This post is part of a series on managing and analyzing graph data. Posts to date include:
- Graph data model basics
- Relationship analytics definition
- Relationship analytics applications (this post)
- Analysis of large graphs
- In adversarial domains such as national security, anti-fraud, or search engine ranking, it’s natural to keep algorithms secret.
- The big exception – influencer analytics, aka social network analysis — is obscured by a major hype/reality gap (so, come to think of it, is a lot of other predictive modeling).
Even so, it’s fairly safe to say:
- Much of relationship analytics is about subgraph pattern matching.
- Much of relationship analytics is about identifying subgraph patterns that are predictive of certain characteristics or outcomes.
- An important kind of relationship analytics challenge is to identify influential individuals.
Notes on that middle point include:
- Pattern identification could be done through trial-and-error visualization, through predictive modeling, or through any form of investigative analytics in between.
- I presume what’s hardest about all this from a processing-performance standpoint would often be enumerating the subgraphs of a particular candidate pattern.
So I’m tempted to say “it’s all about subgraphs.” But it might be more accurate yet to say “It’s about paths”. Arguably, that’s saying the same thing; paths are subgraphs, and subgraphs are made up of paths, so a way of finding one is also a way of finding the other. But referring to paths nods to such standard tasks as:
- Finding the shortest path between two nodes.
- Calculating centrality metrics.
Paths are also simpler than subgraphs, and hence also simpler to think about.

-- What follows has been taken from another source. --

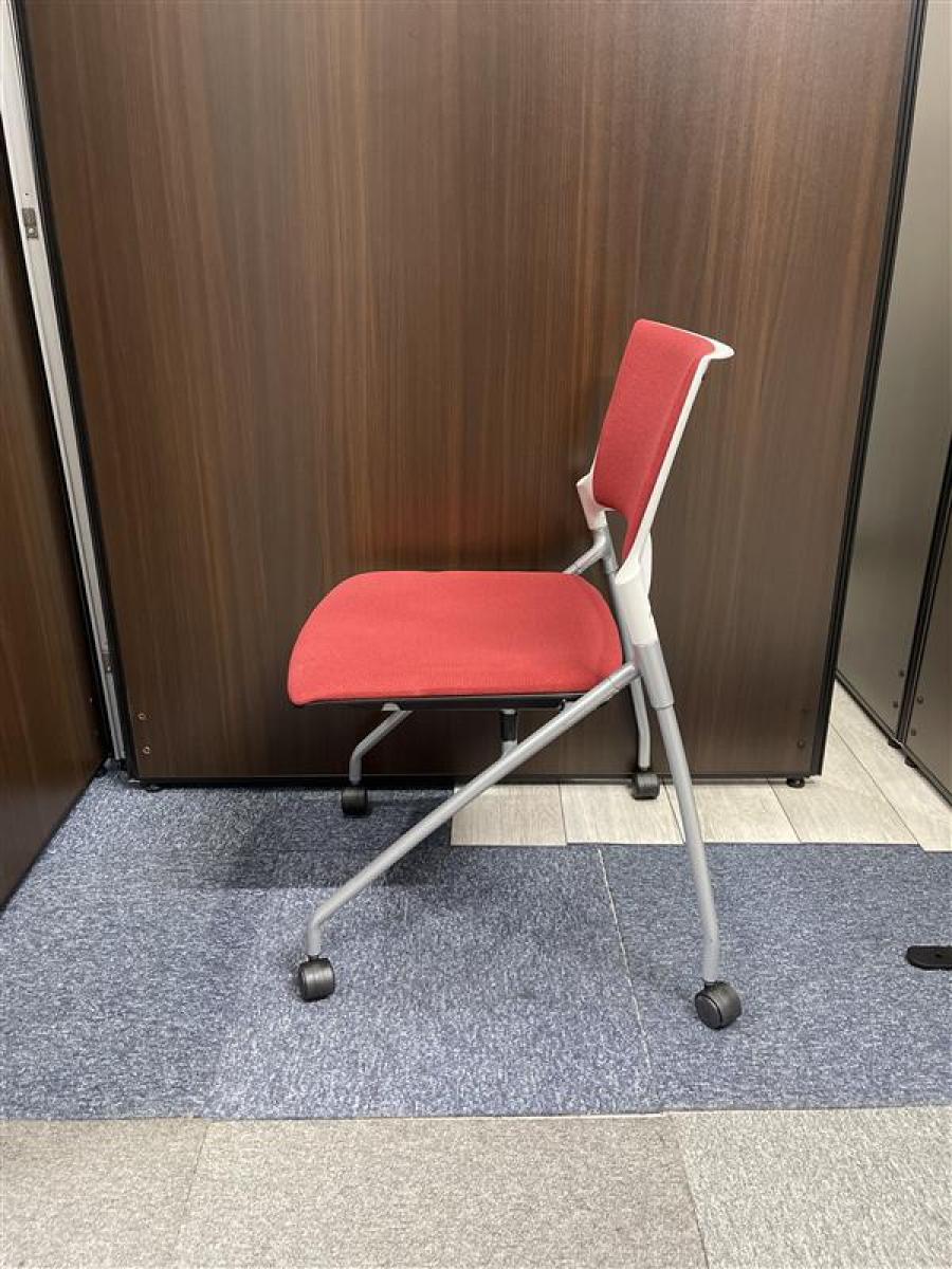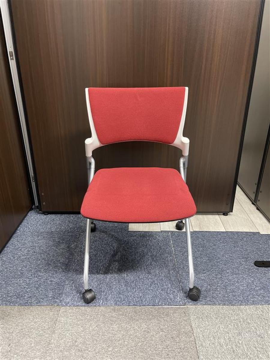 【在庫セール品・3脚限定】■イトーキ製 マノスチェア(MANOSS) 肘無ネスティングチェア ■レッド ■キャスター付 ■背パッド付 【ネスティングして省スペース!落ち着いたグリーン!】- 新大阪店

Let’s drill down a bit more on the cases of influencer analysis and centrality. Telecom service providers around the world compete with relatively few of their peers (because they’re so geographically bound), and hence are pretty good about sharing technical ideas with each other. One application that has spread like wildfire is influencer analysis for churn control. The idea is to identify influential subscribers who, if they left your service, would be particularly likely to take other people with them, so that you can make great efforts to retain them. The key data used is CDRs (call detail records).
As in many things, it’s tough to separate influencer analysis adoption fact from fiction.
- The telecom case is surely real; I’ve heard of many examples.
- Social networking is a harder call. Top-down, the story sounds good; but bottom-up, I’m not so sure.*
- I’m quite dubious about attempts to use influencer analysis based on, say, credit card records; the detailed information about person-to-person connections isn’t there.
- National security clearly uses similar kinds of techniques, albeit for slightly different purposes.
Specific conclusions I’ve heard include:
- Who calls you is a better predictor of whether you influence cellular subscribers to churn along with you than who you call.
- Length of calls is an indicator of involvement influence in terrorist networks (short ones suggest there’s serious business being done).
*For example my Klout profile asserts I’m more influential about Airlines than about Databases or Software. A bit of manual intervention could surely change that — which just serves to underscore my doubts about the effectiveness of social network analytic automation.
One more thing — relationship analytics on social networks rarely works unless you take out a few spurious highly-connected nodes. The paradigmatic example is the local pizza parlor, which receives many phone calls, but is neither a terrorist mastermind nor a major influence upon telecom service churn. More on that point when I write about the partitioning of large graphs.